How to use SassDoc as parser for single file without generating full documentation files

Question

Question relates to http://sassdoc.com package

I would like to parse each *.scss file in ./source folder, but instead of generating sassdoc folder i would like to create partial-html for each parsed file. For example:

parse: variables.scss and receive variables.html, without page header, sidebar - pure content, even without html and body tags.

My current code:

var gulp = require('gulp'),
    sassdoc = require('sassdoc');

var paths = {
  scss: [
    'source/**/*.scss'
  ]
};

gulp.task('sassdoc', function () {
  console.log("sassdoc task finished");
  return gulp.src(paths.scss)
    .pipe(sassdoc());
});

Answer 1

It's not possible with SassDoc' default theme.
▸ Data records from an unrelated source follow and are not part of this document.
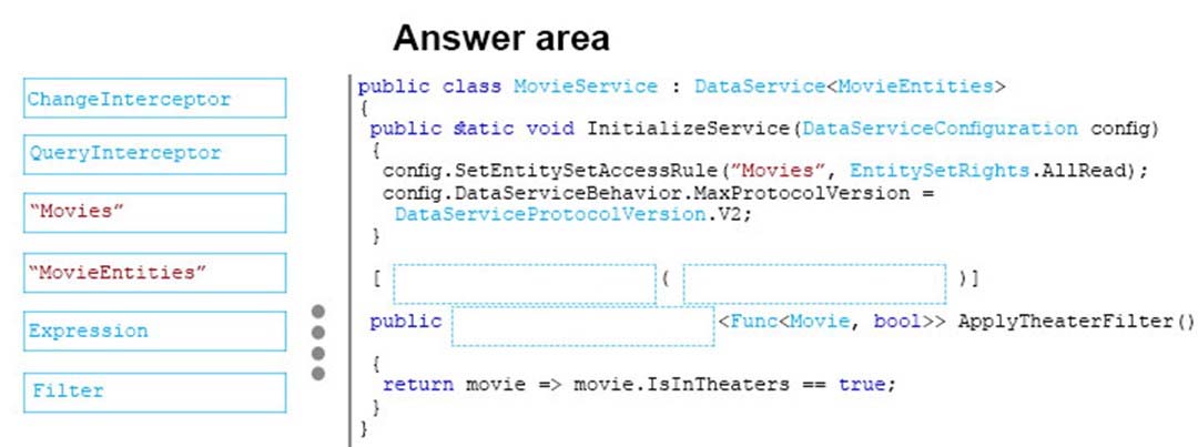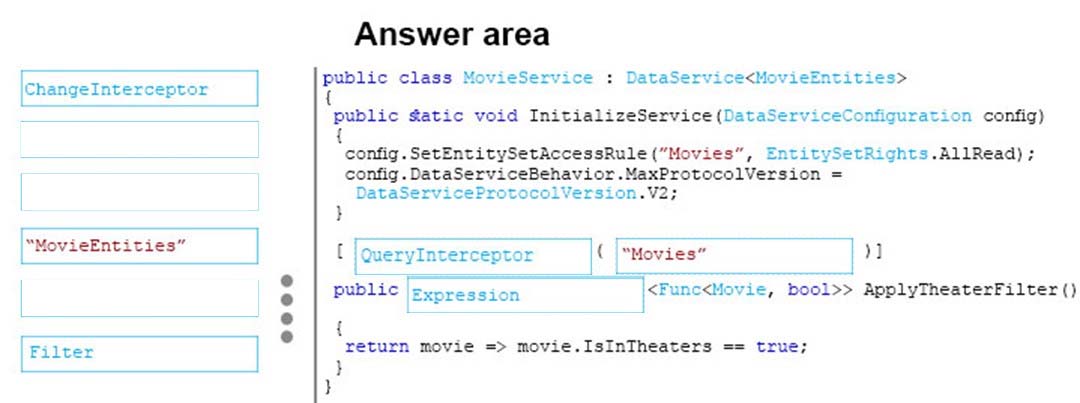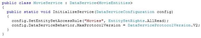 You are developing a WCF Data Services service in Visual Studio to display movie information from a SQL Server database that changes every 24 hours. The service is defined in the following class.
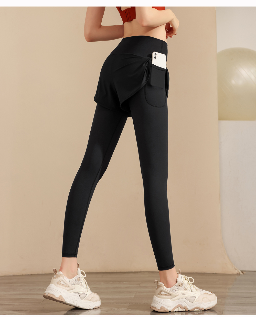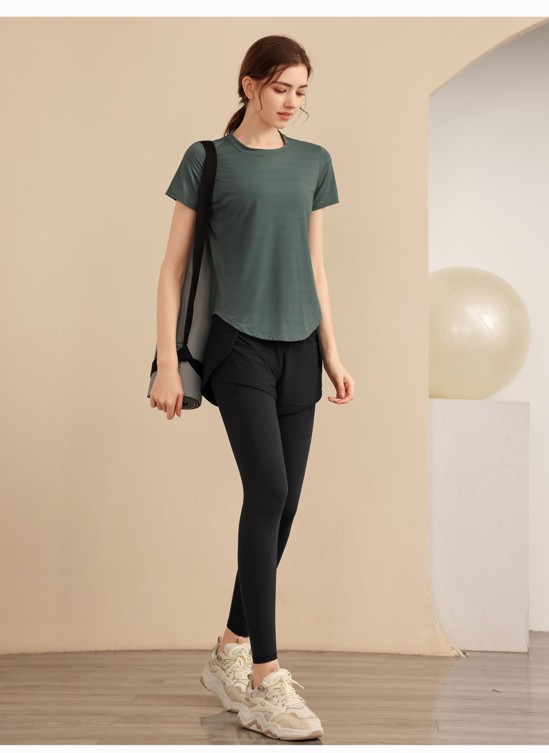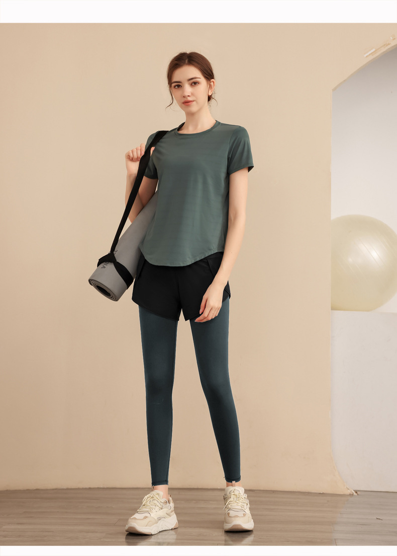 스포츠 요가 의류 높은 허리 가짜 투피스 안티 슬림 스포츠 바지 벨리 타이트 빠른 건조 타이트 달리기 외부 착용 피트니스 바지스토어 가기
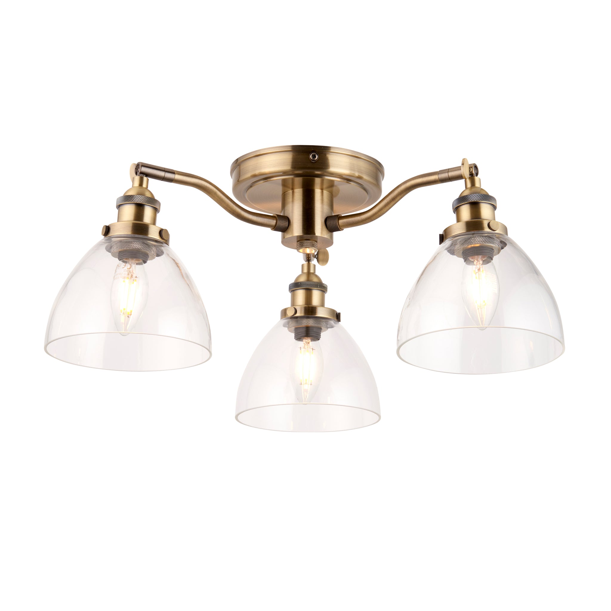 An authentic 'resto' style industrial 3 light semi flush, finished in antique brass plating with authentic knurled lamp holder details and clear glass shades. Pair with filament LED lamps for that perfect industrial style. The perfect addition for today's stylish homes to create that on trend bar, bistro look. Other Family items available.
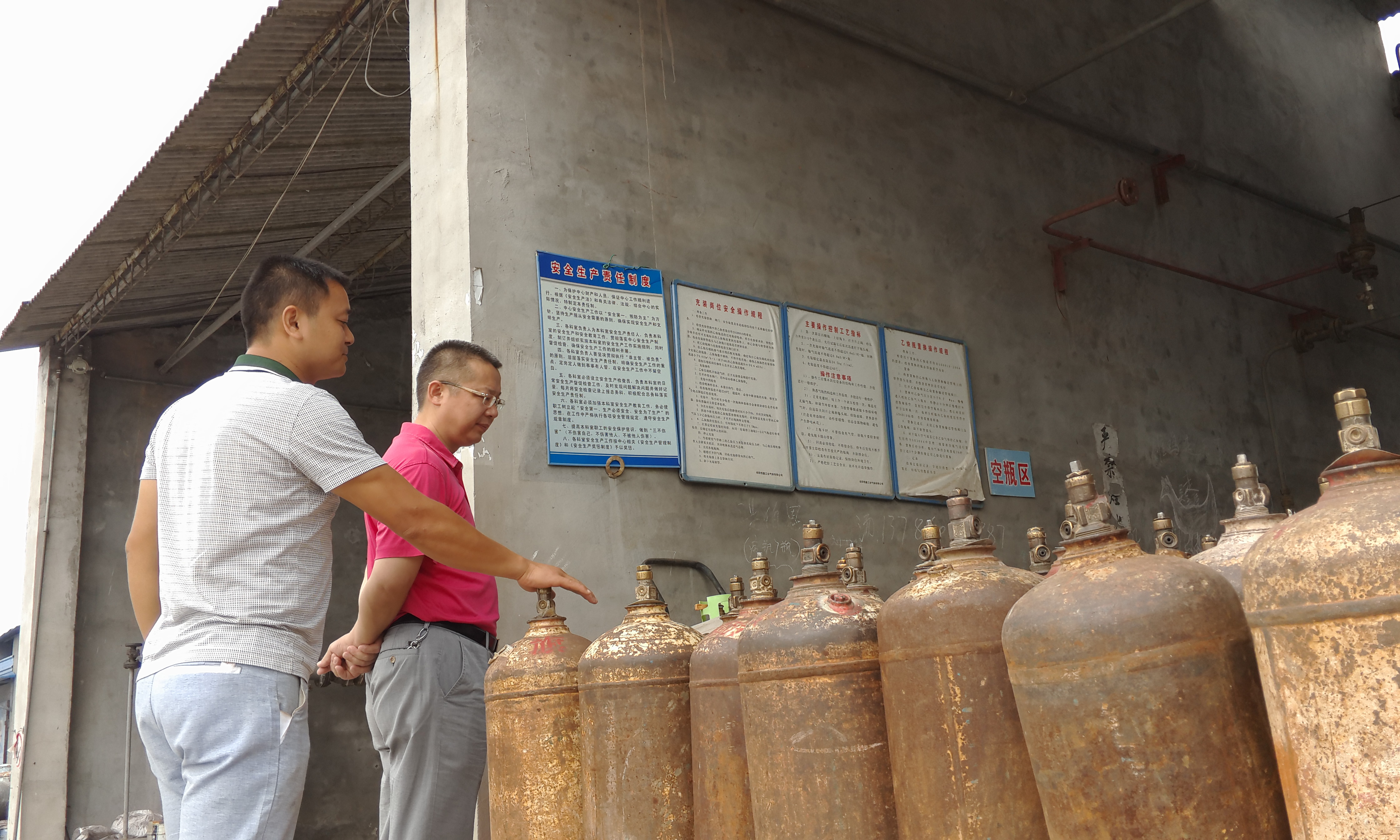8月17日上午,黄岳山主任亲自带领刘其元副主任、业绩考核与分配科谢军和国资公司陈忠良副总对城陵矶肉联厂冷库、岳阳恒鑫工业气体有限公司、原市磷肥厂仓库、小龙城市场、粮都宾馆、弘明创意园等单位进行了拉网式安全检查。
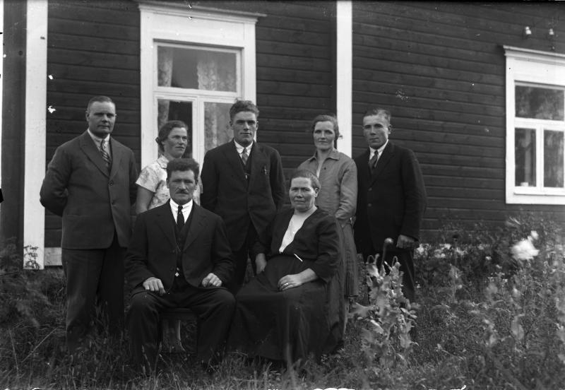 Edessä, Johannes ja Ida Myllymäki os. Vähämaa. vas. Matti ja Hilma Kilkanen, Eino Myllymäki, Vieno ja Jani Ala-Kitula. Valokuvaaja Heikki Heikkola Kuvakoko 83x120

So you'd need to build your own theme to acheive this. http://sassdoc.com/using-your-own-theme

Each item is given a file key in resulting data, so I would leverage that and do some merging.
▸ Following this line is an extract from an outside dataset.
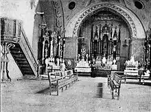 Though the design of the church is mainly Baroque, archival photos show that the interiors were mainly done in Gothic Revival architecture. Its retablos and arco toral design clearly reflects this style, possible due to its popularity in the early 19th century. The church was renovated, and the retablos, together with the pulpit, were lost.
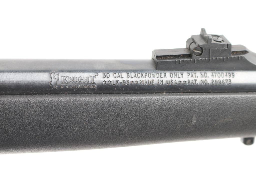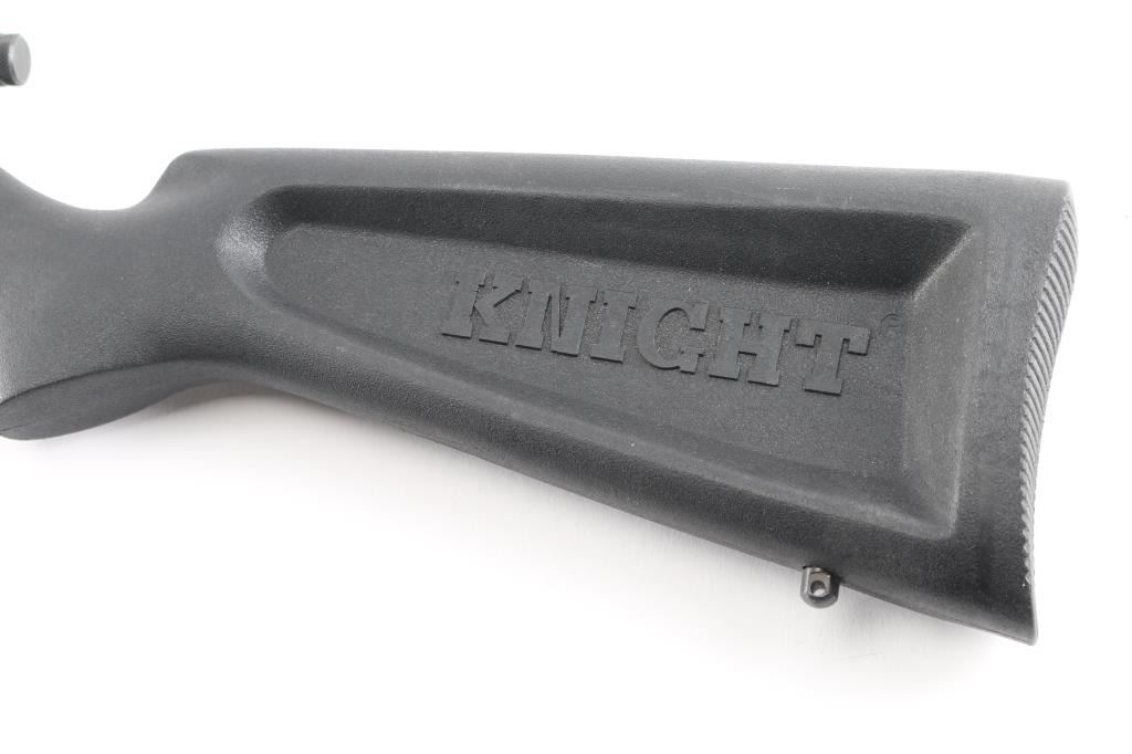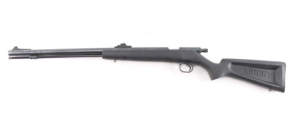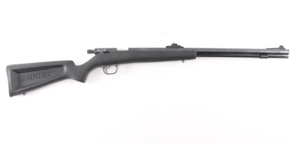 Modern, .50 caliber muzzle loading rifle utilizing a straight pull style action. On Field & Streams 50 Best Guns Ever Made list. Features a blued finish, 23" heavy barrel, blade/bead front, adjustable u-notch rear sights, drilled & tapped receiver, manual safety, serrated trigger, ram rod, swivel studs and black synthetic pistol grip shoulder stock with recoil pad. Rifle shows little to no wear. Action is smooth, bore is excellent and synthetic stock is fine. Condition is NRA Excellent. Antique Firearm

That could potentially end up in a sassdoc-extra custom filter. http://sassdoc.com/extra-tools

EDIT:
Actually your question is quite misleanding, you want a variable.html file but with no html ...

If all that you want is the raw JSON data from SassDoc, without any kind of theme processing, then the parse method is what you're looking for.

But again, unless you call SassDoc on each file separately, you'll get all files together, meaning post data processing to split them, that's why a custom theme (even with no html output) is the way to go.